-- Task inputs --
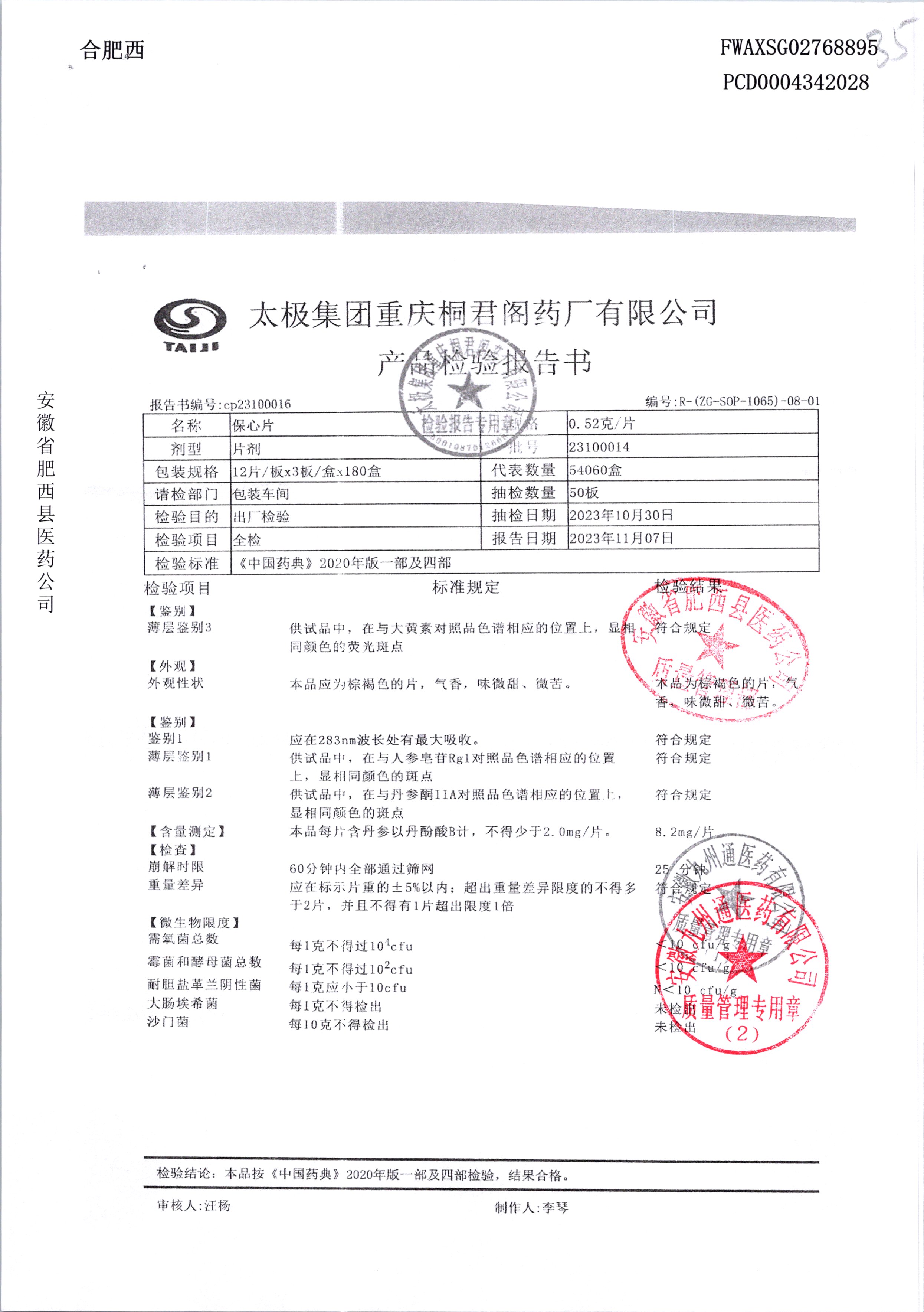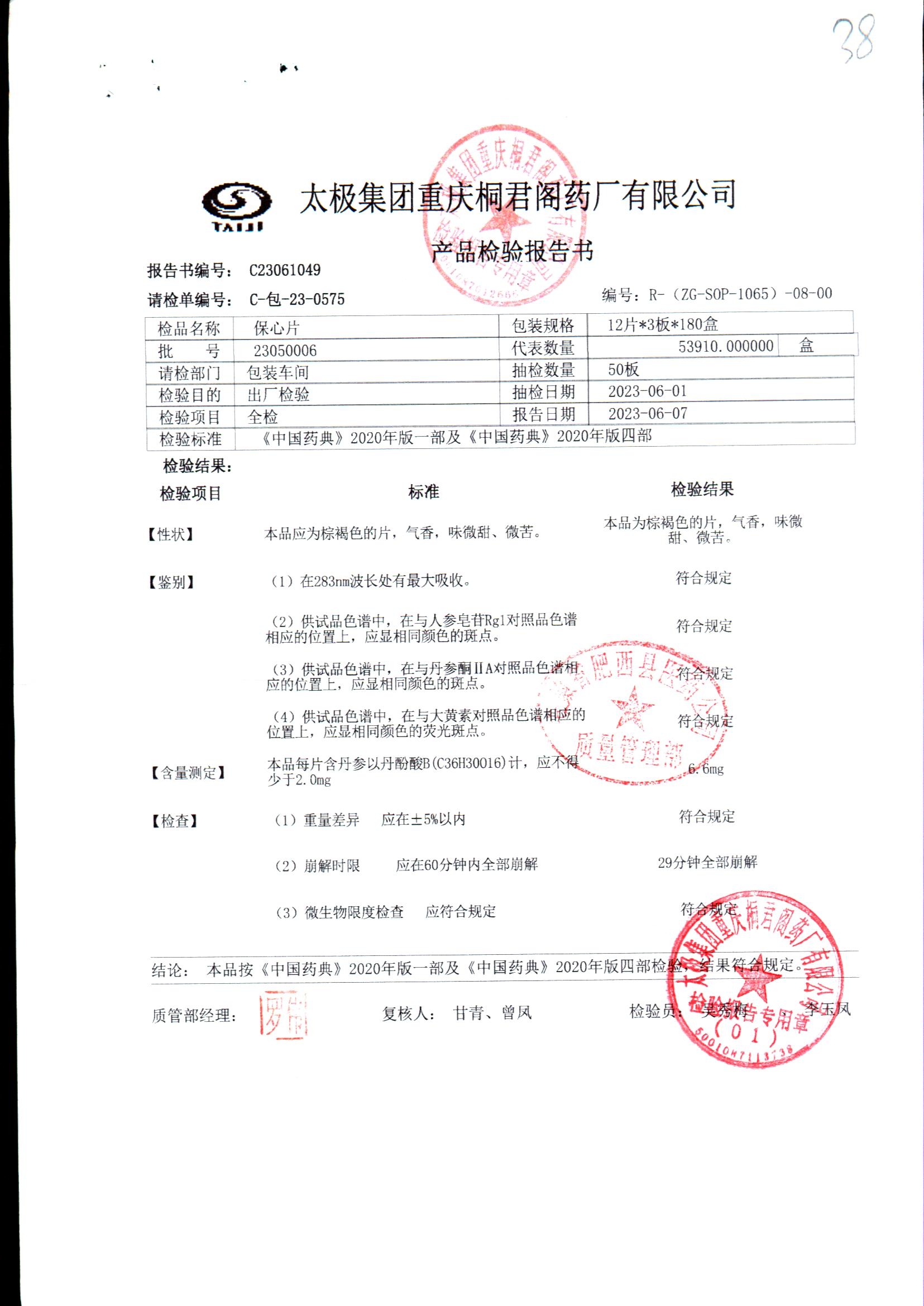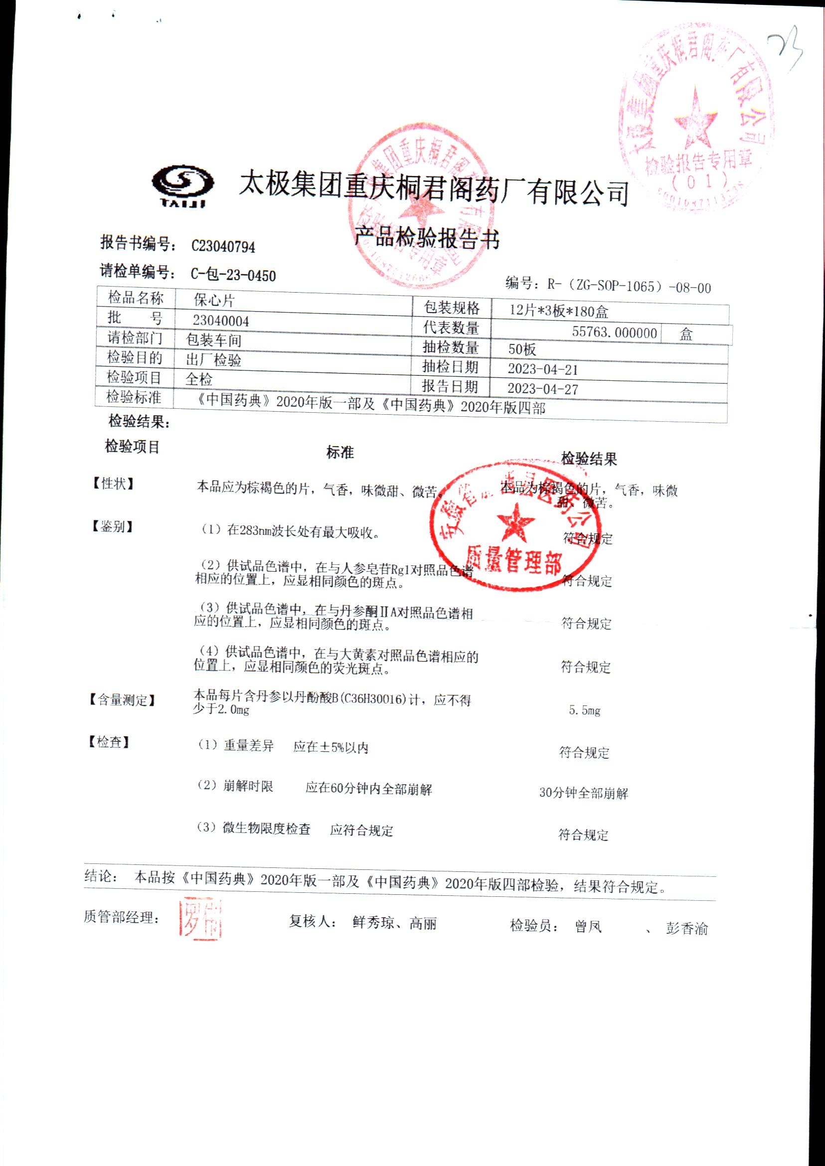 | 保心片 | 0.52g*12片*3板 | 23040004 | 查看详情 |
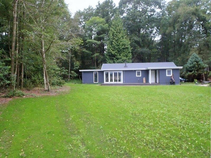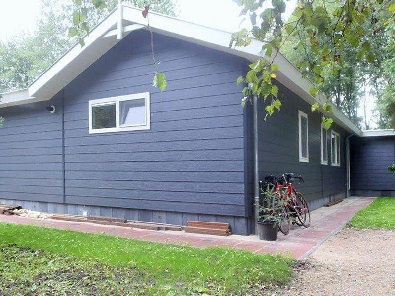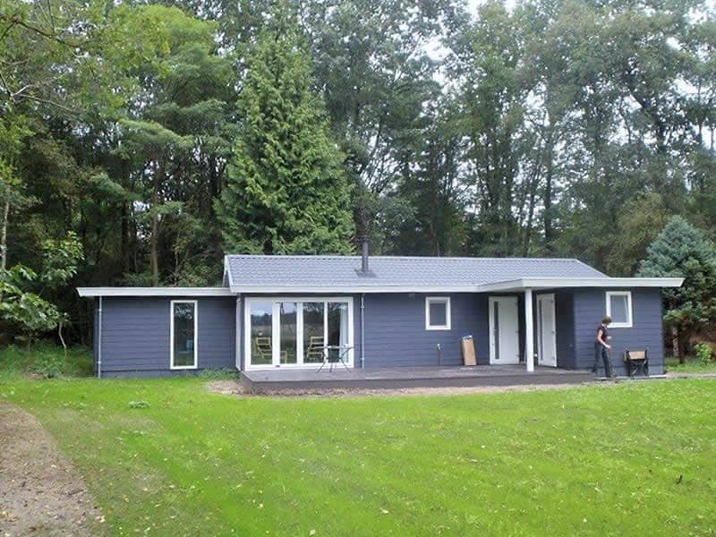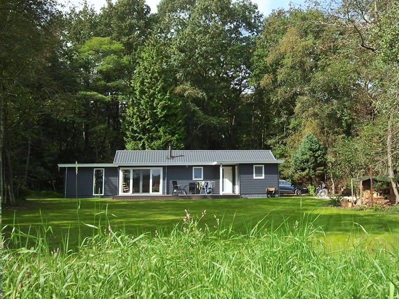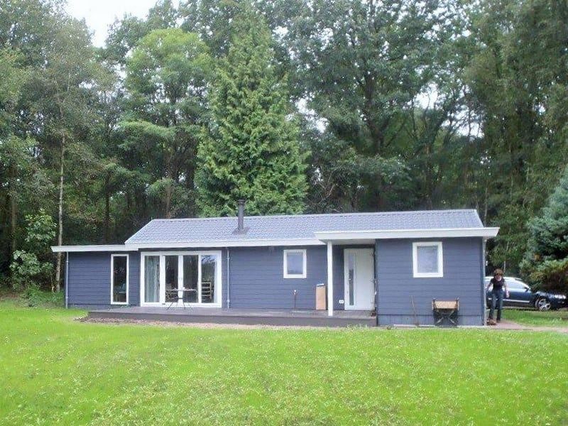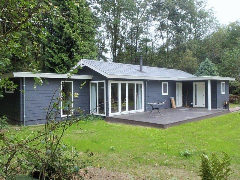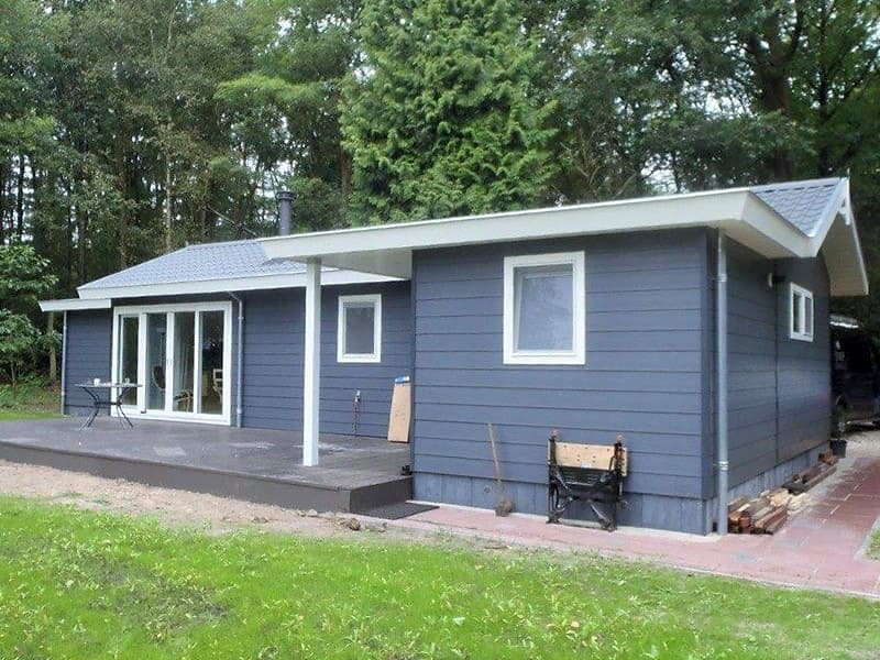 Dit charmante chalet oogt veel groter dan de 55 vierkante meter die het op zijn naam heeft staan. Dat komt onder andere door de glazen pui, waardoor je vanuit het woongedeelte zo het terras oploopt. Ook de luifel en het puntdak geven het chalet net dat beetje extra. De buitenwanden zijn uitgevoerd in onderhoudsarm materiaal met houtnerf en een modern lichtgrijze kleurstelling.
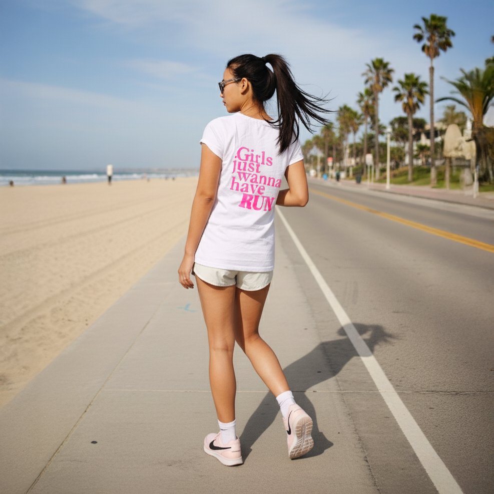 Leicht, weich und einfach zum Wohlfühlen – dieses Girl-Cut Shirt aus 100% Baumwolle bringt Spaß und Style in deinen Laufalltag.
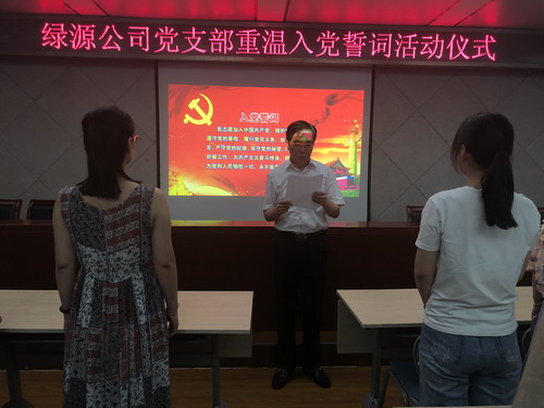 七一前夕,中共焦作市綠源熱力有限公司黨支部在公司二樓會議室舉行重溫入黨誓詞宣誓儀式,公司全體黨員在黨支部書記盧躍進同志的帶領(lǐng)下一起重溫入黨誓詞,并進行了宣誓。公司黨支部書記盧躍進同志作了重要講話,他指出重溫入黨誓詞可以使每位黨員重溫當年入黨時的決心和信念,對比今天的認識和行動,始終銘記入黨的誓言,這是對自己的一種鞭策和激勵。能讓廣大黨員干部時刻牢記“為人民服務”的宗旨,做到牢記使命,不忘初心,與時俱進,始終保持黨員的先進性,時刻保持黨的優(yōu)秀傳統(tǒng)和作風,堅定信仰,愛崗敬業(yè),時刻發(fā)揮先鋒模范作用。使每位黨員高標準嚴格要求自己,以更加飽滿的熱情、更加敬業(yè)的態(tài)度、更加充足的干勁,更加踏實的作風,為公司供熱事業(yè)的發(fā)展再立新功。
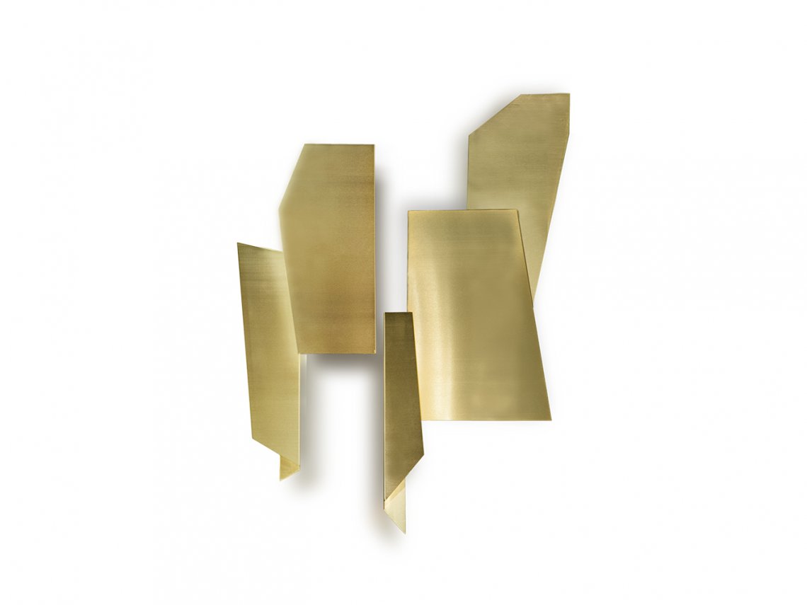 As well as being a wall-mounted lighting system, the wall lamp Geometry is a real decorative element suitable for living areas, hotel lobbies or representative offices. The combination of 5 geometric elements in brushed metal creates a new geometry that each user can customize by spacing these elements in different ways. Lights is diffused indirectly and thanks to the different shape of all the elements, it projects on the wall a play of reflections and shadows.
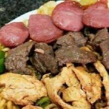 Macarrão, cenoura, repolho, cebola, carne, calabresa, frango
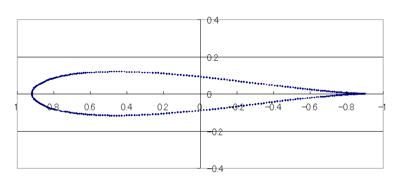 (適当なものが見つけられなかったため、2次元翼理論に用いられるジューコスフキー翼を作成しました(参考文献[1]) 。)
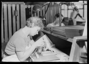 | Keywords: nara:arcid=532747 u.s. national archives usnationalarchives lewis hine lewishine blackandwhite monochrome photo border wedding black and white Original Caption: Sallie Collins, Surgoinsville, Tennessee. She is a super- finish operator at the Kingsport Press. This operation, the application of gold with an air gun on the cover design, calls for a moderate amount of skill. This operator has been working at the plant two months and has been on this particular operation three days, November 1933 U.S. National Archives’ Local Identifier: 142-H-129 Photographer: Hine, Lewis Subjects: New Deal, 1933-1939 Rural areas Tennessee (United States, North and Central America) state Water projects Persistent URL: research.archives.gov/description/532747 Repository: Still Picture Records Section, Special Media Archives Services Division (NWCS-S), National Archives at College Park, 8601 Adelphi Road, College Park, MD, 20740-6001. For information about ordering reproductions of photographs held by the Still Picture Unit, visit: www.archives.gov/research/order/still-pictures.html Reproductions may be ordered via an independent vendor. NARA maintains a list of vendors at www.archives.gov/research/order/vendors-photos-maps-dc.html Access Restrictions: Unrestricted Use Restrictions: Unrestricted Original Caption: Sallie Collins, Surgoinsville, Tennessee. She is a super- finish operator at the Kingsport Press. This operation, the application of gold with an air gun on the cover design, calls for a moderate amount of skill. This operator has been working at the plant two months and has been on this particular operation three days, November 1933 U.S. National Archives’ Local Identifier: 142-H-129 Photographer: Hine, Lewis Subjects: New Deal, 1933-1939 Rural areas Tennessee (United States, North and Central America) state Water projects Persistent URL: research.archives.gov/description/532747 Repository: Still Picture Records Section, Special Media Archives Services Division (NWCS-S), National Archives at College Park, 8601 Adelphi Road, College Park, MD, 20740-6001. For information about ordering reproductions of photographs held by the Still Picture Unit, visit: www.archives.gov/research/order/still-pictures.html Reproductions may be ordered via an independent vendor. NARA maintains a list of vendors at www.archives.gov/research/order/vendors-photos-maps-dc.html Access Restrictions: Unrestricted Use Restrictions: Unrestricted |
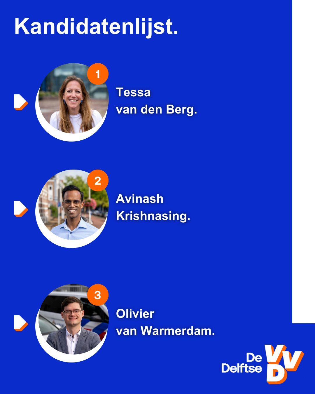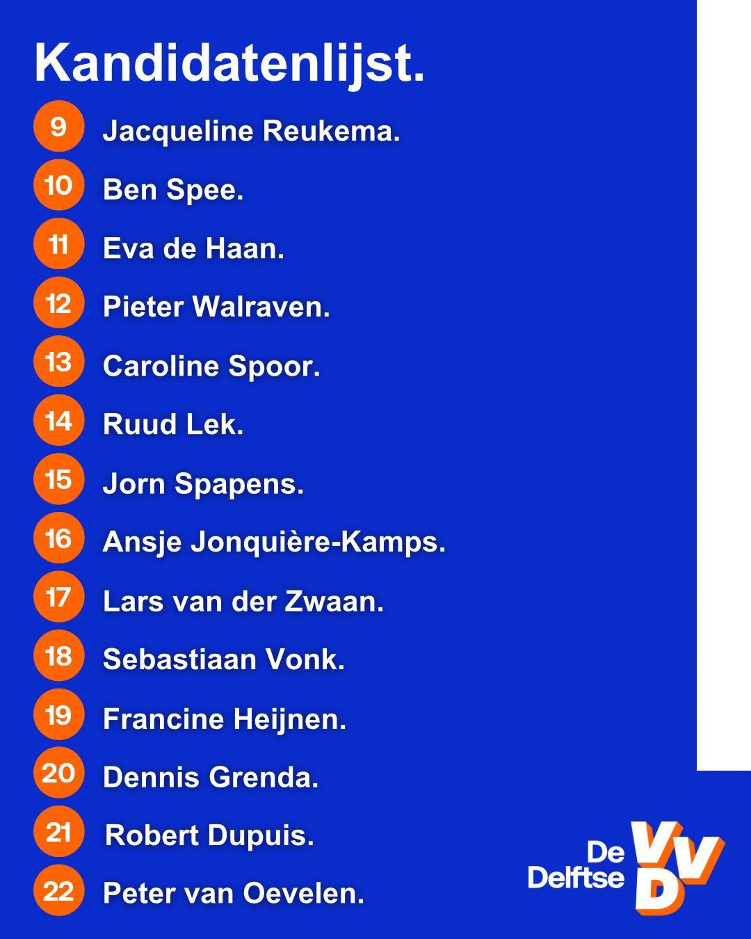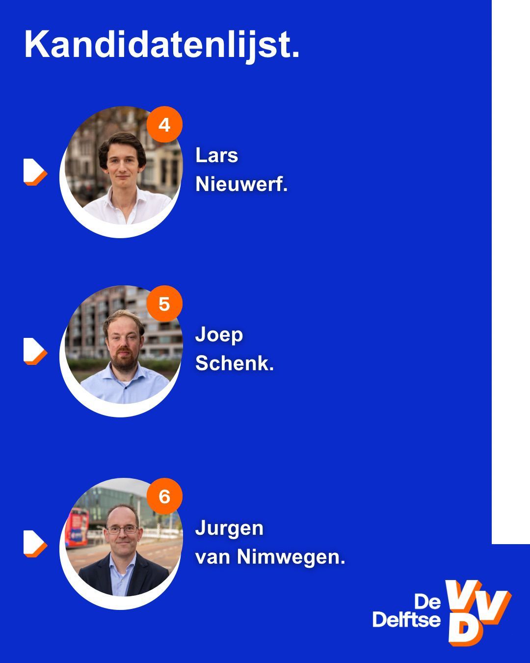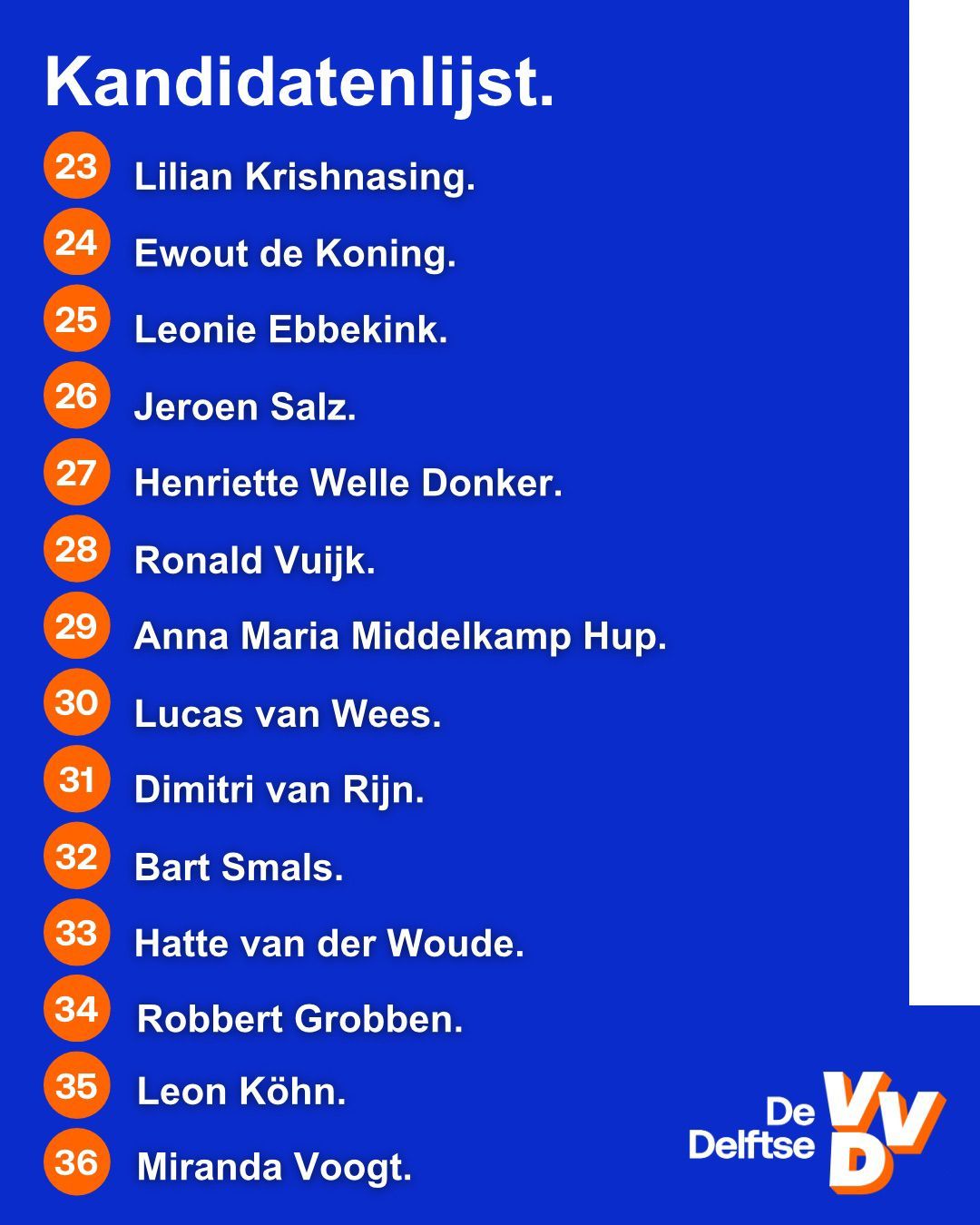 De kandidatenlijst van De Delftse VVD voor de gemeenteraadsverkiezingen 2026 is rond en wat is ie prachtig geworden. Op de lijst komen zowel enorme ervaring als nieuwe gezichten samen, en allemaal willen ze Delft nóg mooier maken!

-- What you will do --
Skip the pictures, please, and transcribe only the lines from the beginning of the material through the one that contains "Dit charmante chalet".

-- Result of the task --
 | 保心片 | 0.52g*12片*3板 | 23040004 | 查看详情 |
 Dit charmante chalet oogt veel groter dan de 55 vierkante meter die het op zijn naam heeft staan. Dat komt onder andere door de glazen pui, waardoor je vanuit het woongedeelte zo het terras oploopt. Ook de luifel en het puntdak geven het chalet net dat beetje extra. De buitenwanden zijn uitgevoerd in onderhoudsarm materiaal met houtnerf en een modern lichtgrijze kleurstelling.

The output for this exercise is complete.